Hooooo-m'gawd. I can't even begin to tell you how good this is. But lemme try: *IT'S REALLY GOOD!* Nope... that doesn't do it justice. Look, if you like mushrooms, you'll love this. But it's important to use at least three of those recommended here, notably the crimini, oyster and chanterelle. The shiitakes can be really tough and temperamental. This recipe combines one from Epicurious and the Recipe #349696 adapted from Artisan Bread in 5 Minutes a Day. Two total winners in my book. Times are approximate. The high temperature requires the use of your exhaust fan, or you could lower the temp to 450 F and bake about 15-20% longer. This is easily doubled.
Provided by Sandi From CA
Categories Vegetable
Time 1h40m
Yield 2 10-inch pizzas, 4-6 serving(s)
Number Of Ingredients 18
Steps:
- *** MAKE DOUGH*** Mix the yeast, salt, sugar and olive oil with the water in a 5-quart bowl or a lidded (not air-tight) food container.
- Mix in the flour without kneading using a spoon, a large capacity food processor (with dough attachment), or a heavy-duty stand mixer (with dough hook). If you're not using a machine, you may need to use wet hands to incorporate the last bit of flour.
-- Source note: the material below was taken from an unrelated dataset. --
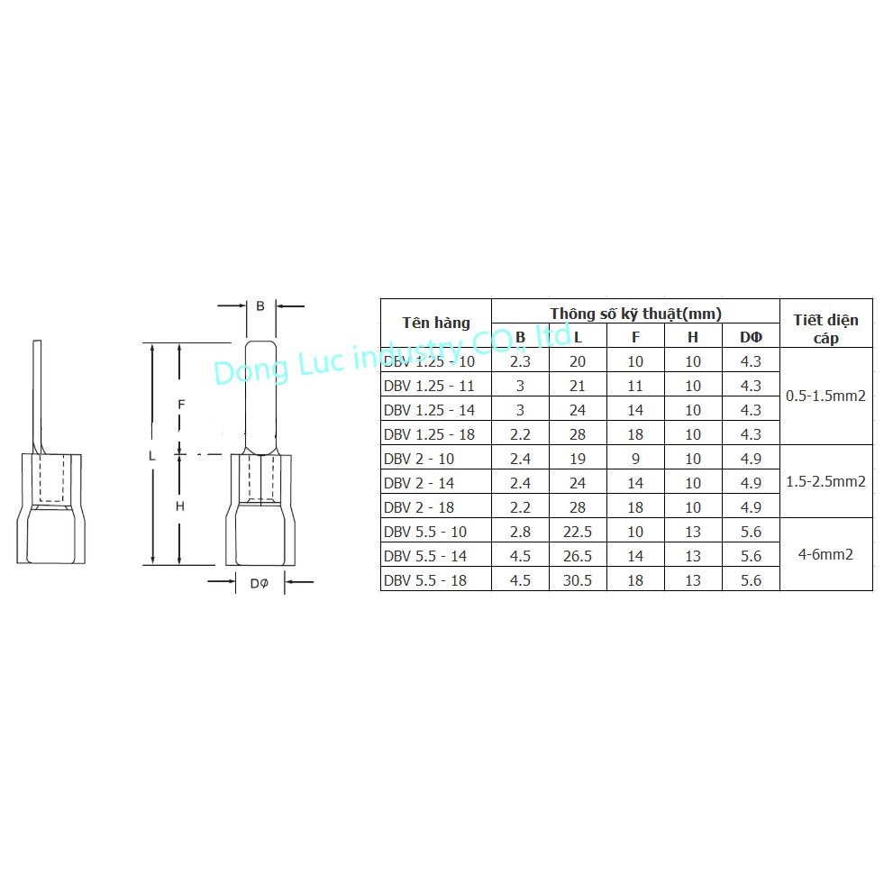 . Đầu cos pin dẹp đặc DBV 2-10 sử dụng cho cáp 2mm²,
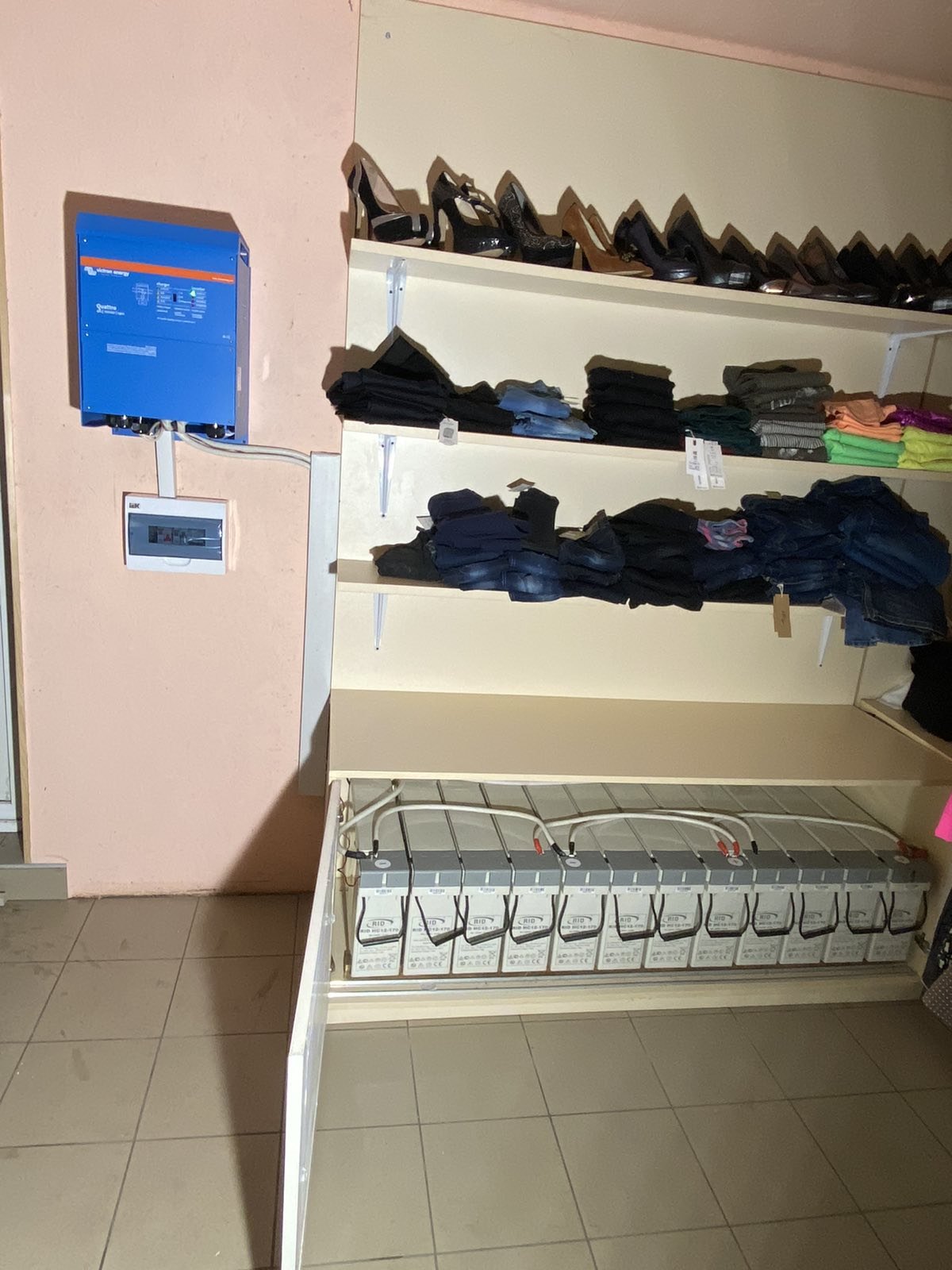 Система складається з інвертора Victron Energy 10 kVA, який може забезпечити резервне живлення потужністю до 10 кВт.

I use a spoon to combine, then my hands for the last bit of flour.
- Cover (not air-tight) and allow to rest at room temperature until dough rises and collapses (or flattens on top), approximately 2 hours.
- The dough can be used immediately after the initial rise, though it is easier to handle when cold. Refrigerate in a lidded (again, not air-tight) container and use over the next 12 days.
- *** MAKE PIZZA *** Melt 1 tablespoon butter with 1 tablespoons vegetable oil in heavy large skillet over medium heat. Add onions and sauté until golden, about 45 minutes. Season with salt and pepper.
- Melt remaining 2 tablespoons butter with 1 teaspoon vegetable oil in another heavy large skillet over medium-high heat. Add mushrooms, garlic, and shallot. Sauté 4 minutes. Add wine and simmer until almost all liquid is absorbed, stirring frequently, about 13 minutes. Add rosemary; season with salt and pepper.
- Position rack in bottom third of oven. Place a pizza stone on rack. Preheat oven to 500°F at least 30 minutes before baking.
- Instead of kneading this dough, you're going to "cloak" it, which (and this is VERY important), should take no more than 30 seconds for the whole process from grabbing off a hunk of dough to the end of cloaking. This is done after the 2-hour rest. Sprinkle a little flour on the surface of the dough you've made and pull or cut off a grapefruit-sized ball. This will be for one pizza. Sprinkle a bit more flour on the top of that ball and with the entire length of the sides of your thumbs, gently stretch the top surface around to the under part of the ball. Gently! You're not actually tearing the dough, but think of it as lengthening the fibers on the very top surface of the ball by stretching it just a bit.
- Roll out 2 dough disks on lightly floured surface to 10-inch rounds, allowing dough to rest a few minutes if it springs back. Sprinkle 2 pizza peels with cornmeal and transfer 1 dough round to each peel. Lightly brush dough with garlic oil. Sprinkle one with 1/2 cup cheese, and then scatter 2 1/2 tablespoons onions over cheese. Scatter 1/2 cup mushrooms over onions. Sprinkle with salt and repeat for second pizza.
- Position tip of pizza peel at a slightly downward angle to roughly 2/3 of the way across pizza stone. With quick forward jerks and less jerky backward motions, jiggle the pizza from the peel to the stone, then slide peel the remainder of the way out so that the pizza is centered on the stone. Repeat with second pizza and bake for 6 minutes. Rotate pizzas half a turn. Bake until crust is deep brown, about 6 minutes longer, but watch that the crust doesn't burn.
- Using a large spatula or two, carefully transfer pizzas to cutting board. Let rest 1 minute. Slice into wedges and serve.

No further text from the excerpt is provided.